Mimine était resté sagement à attendre vers la barrière que Momo revienne. Elle l'avait en visuel et cela la rassurait un petit peu.
Momo revenait et Mimine s'avança vers lui.
- Alors, que se passe-t-il ici, nous sommes à Mornay et rien n'est pareil qu'à notre départ.
- Que diantre, ma brave Mimine, il me semble, du moins dussé-je me tromper que je ne le pourrais, nous sommes à une autre époque, c'est évident.
- Mais c'est affreux, comment allons nous revenir à notre époque ?
- Hé bien, je n'y puis point répondre chère chatmoiselle. Mais peut-être que Pépère aurait une brillante idée venue de sa maman fée Chouânne. Bien qu'il me fut pénible de souscrire à son aide, je le ferais même de mauvaise grâce madame. Justement, alors que nous parlions de ce butor, nous le voici en ces terres qui furent les miennes.
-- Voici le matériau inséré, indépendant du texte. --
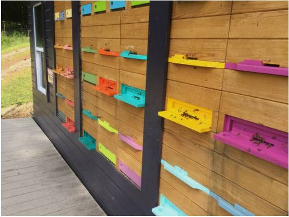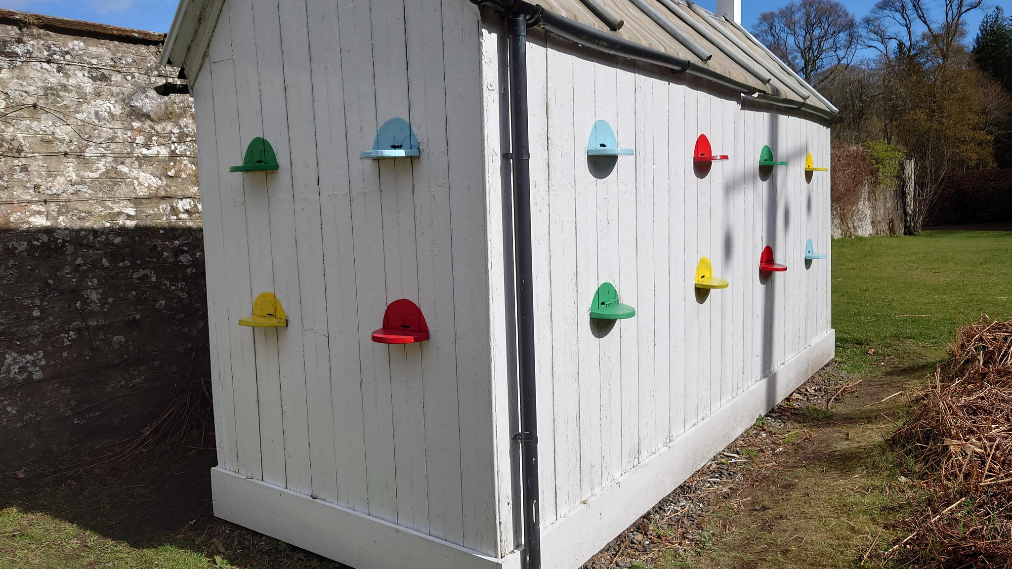 Это так называемый "словенский домик для пчел". Внутри расположены ульи, а цветные кружки - дверки для них. https://www.heathwing.com/slovenian-beehouse#:~:text=The hives in a Slovenian,for the beekeeper to work.

D'ailleurs, je me forligne à l'anachronisme, car je devrais dire qui seront mes terres puisque c'est indubitablement vrai, nous sommes à une époque où nous tous nous n'étions point nés.
Pépère arrivait l'air joyeux comme si de rien n'était.
Lolo quant à lui arrivait de la soucoupe bien que Momo lui avait demandé de la garder.
Momo le vit, mais ne fut pas fâché sachant l'atroce vérité sur ce qui se passait.
Pêcheur, Coin-coin et Dranac arrivaient en même temps et se posèrent devant Momo.
- Toc toc toc, c'est épouvantable tout à disparu.
- Fle fle fle, Cookie et Lucie ne sont plus là, fle fle fle, est-ce que je reverrai un jour ma love gendarme poète.
- Fle fle fle fle, c'est dramatique, il semble que nous soyons revenus en arrière, que se passe-t-il, fle fle fle fle.
Lolo vint derrière Momo et Mimine et fit le même constat. Il connaissait bien ce champ et il n'était plus pareil, les arbres qu'il connaissait étaient plus petit et plus jeune qu'avant.
Pépère lui arrivait avec Chatdore et ces deux-là semblaient guillerets.
- Alors, monsieur, ceci vous mit l'amusement au cœur, vous êtes incorrigibles. Sachez butor que nous sommes dans une époque que ne fut point la nôtre et vous rigolez bêtement.
- Du calme monsieur mal brossé, oui, nous le savons ça. Figurez-vous que nous avons vu mon moinillon et il a environ dix ans. C'est pour ça que nous rigolons, car il en fait déjà des bien bonnes figure toi, Momo.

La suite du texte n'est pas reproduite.